Frank Morgan began his film career during the silent era, and was an enormous presence in the world of radio; "The Frank Morgan-Fanny Brice Show" (previously incarnated as "Maxwell House Coffee Time") was an enormous hit, rating only below "The Jack Benny Program." Morgan, then, was known for his versatility as a performer, and could easily pick up outsize character parts with ease. It's entirely likely that the director of "The Wizard of Oz" (likely Victor Fleming, although the film notoriously changed hands several times throughout production) simply wanted to show off Frank Morgan's talents. One might find a modern analogue in Eddie Murphy, who would frequently play several roles in each of his films.
And while that would be reason enough to have an actor in several roles, the inclusion of multiple Morgans may be an homage to L. Frank Baum's original 1900 novel. A conceit from the book that was dropped for the film was that the citizens of the Emerald City all needed to wear green-tinted glasses as to protect their eyes from the emerald brilliance of the city. It would later be revealed that the Emerald City itself was, in fact, an elaborate façade, and there were no actual emeralds; it was the glasses actually providing the emerald brilliance. The entire Emerald City was a act of subterfuge, faking the majesty of the government. Draw your modern political parallels now.
It's been argued that Frank Morgan was, in fact, playing the same character all throughout Oz, changing his appearance to inflate the local population in front of tourists. Or perhaps he was carefully trying to manipulate the heroes; trickery is, after all, the Wizard's stock in trade, and it was important to him that the Emerald City appear a very specific way. The multiple roles was all meant, then, to serve as a clue as to the falseness of the Wizard himself. Something, we're meant to key into, is up.
The Man Behind The Curtain
Frank Morgan's film career, as mentioned above, began during the silent era and continued throughout the 1940s. Morgan was nominated for two Oscars: Best Actor in 1934 for "The Affairs of Cellini" (he played the Duke of Florence) and Best Supporting Actor in 1942 for "Tortilla Flat."
He also starred in several Best Picture nominees in addition to "The Wizard of Oz," including "Naughty Marietta" (if you want to see the DNA of every single Disney animated musical, see "Naughty Marietta." It's great), the Best Picture winner "The Great Ziegfeld," and 1942's "The Human Comedy" with Mickey Rooney. In that latter film, Morgan plays the head of a telegraph office who is always so blind drunk that the Rooney character has to regularly revive him from his drunken stupor to do his job.

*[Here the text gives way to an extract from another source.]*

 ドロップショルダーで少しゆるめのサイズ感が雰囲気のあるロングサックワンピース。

It was the 1940s, so his alcoholism was played for laughs. This also likely stemmed from the fact that Morgan himself was a notorious alcoholic, and would drink large quantities of champagne on the set of "The Wizard of Oz."

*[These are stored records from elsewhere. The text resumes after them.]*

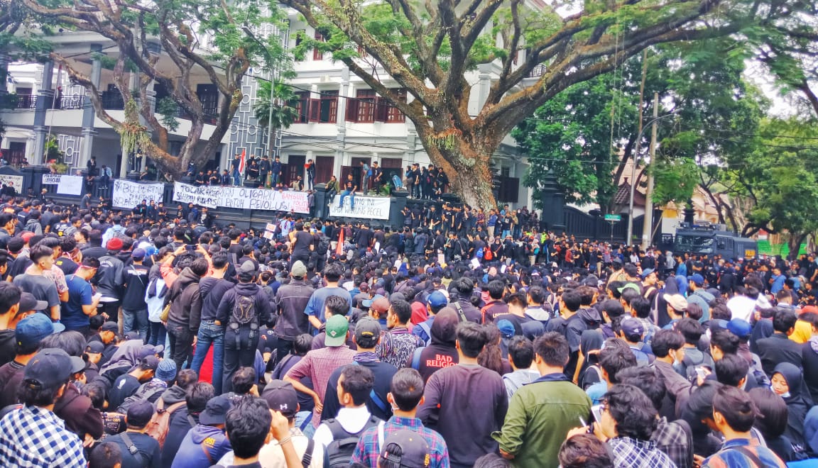 Ribuan mahasiswa Malang menggelar aksi menolak RKUHP dan kebijakan-kebijakan lainnya dari anggota dewan yang tidak pro rakyat di depan kantor DPRD Kota Malang, Senin (23/9/2019). (ABDULLAH/INDOTRIBUN.ID)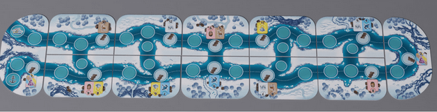 Le jeu est livré avec un plateau de jeu modulaire, qui compose l'itinéraire du jeu. Sur un bateau de croisière fluviale, tout le monde suit le même itinéraire, mais vous pouvez emmener vos touristes sur des circuits différents.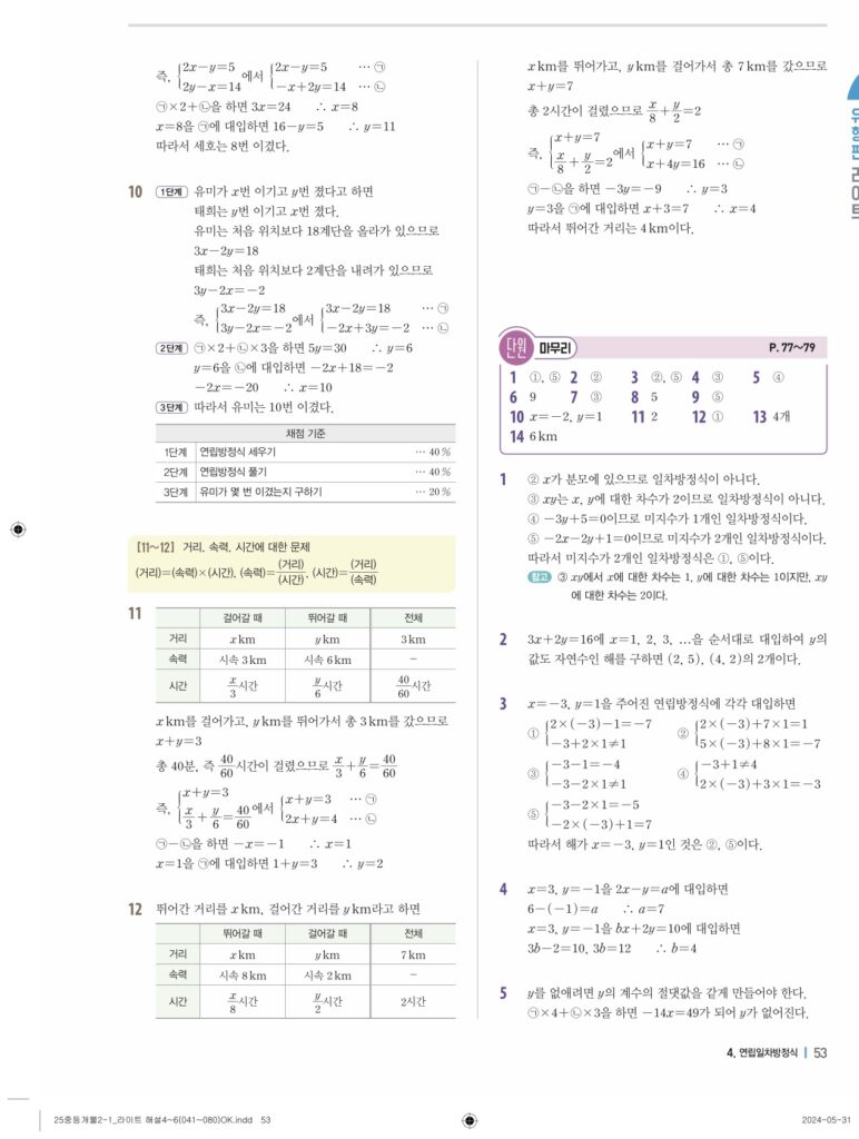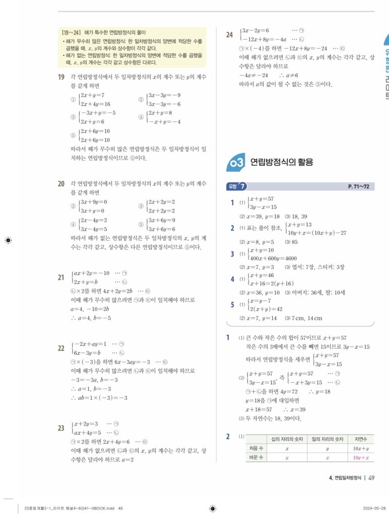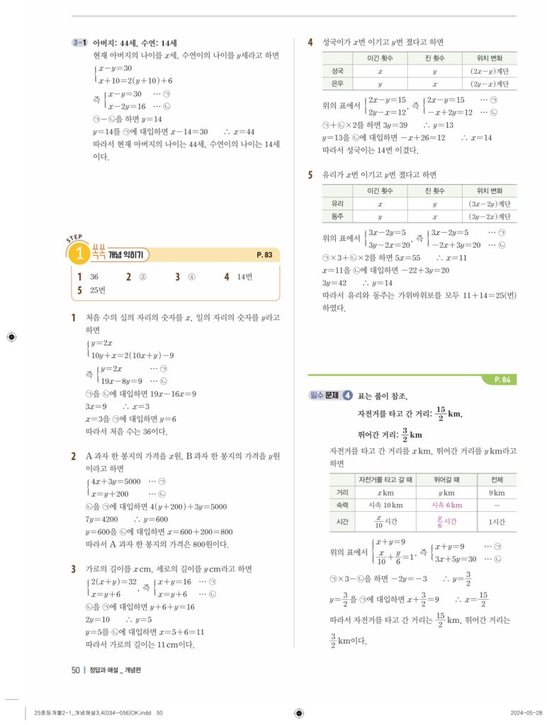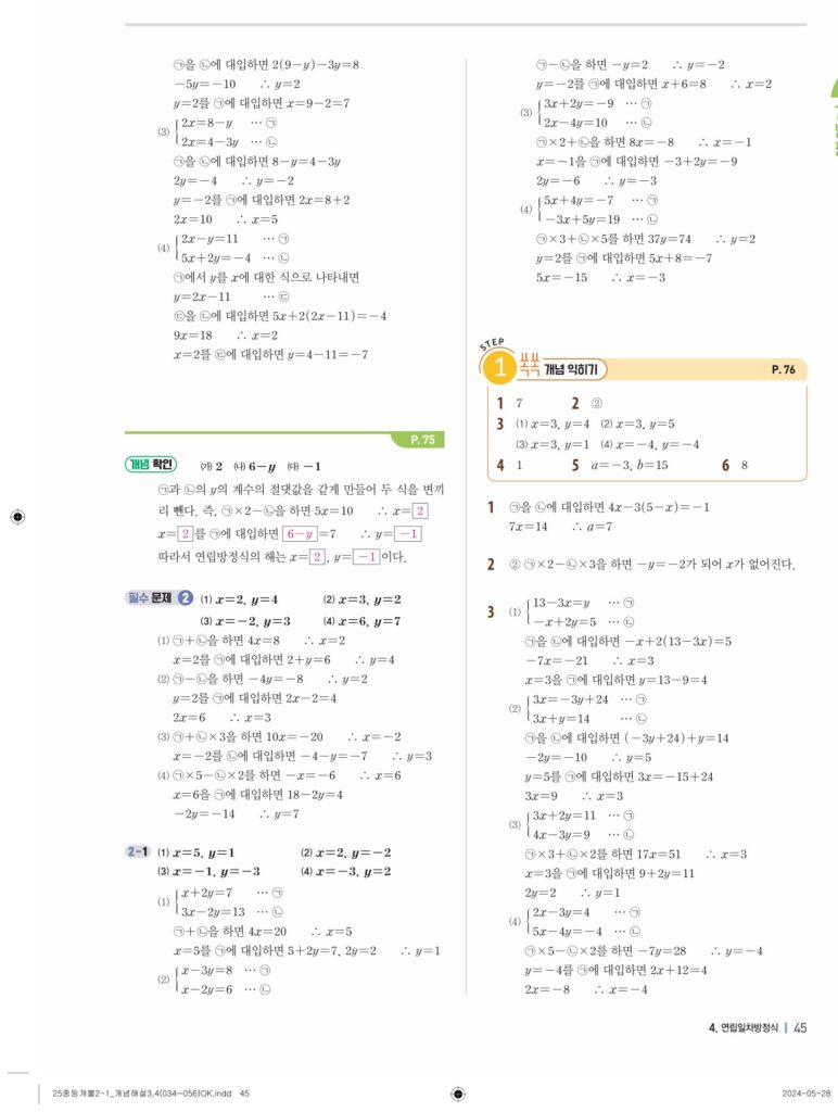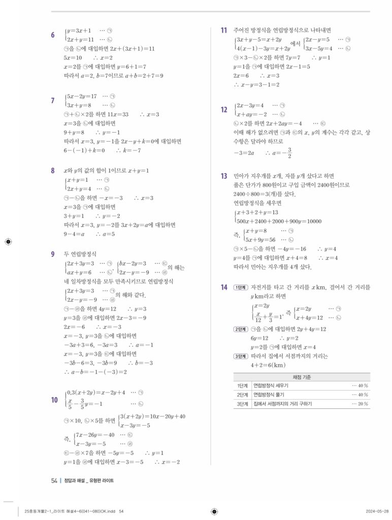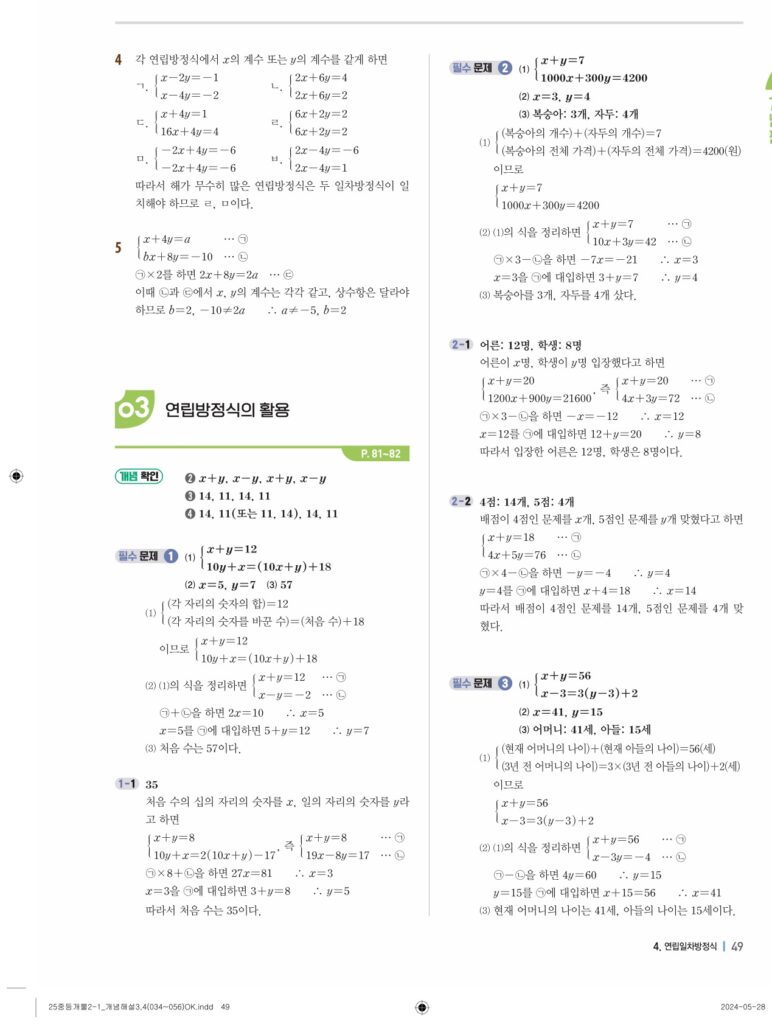 개념플러스유형라이트 중2-1답지 04 연립일차방정식

Indeed, in a story from The History Collection, director Fleming even instructed Morgan to go to his secret suitcase stash and have a drink when he was acting surly on the set. That same article also points out that Morgan was a replacement for the original Wizard actor, W.C. Fields (and can you imagine Fields in the role??), also known for his "drunk" roles. Clearly this was a quality the director wanted.
Morgan, after hundreds of films and many radio appearances, passed away in 1949 at the age of 59.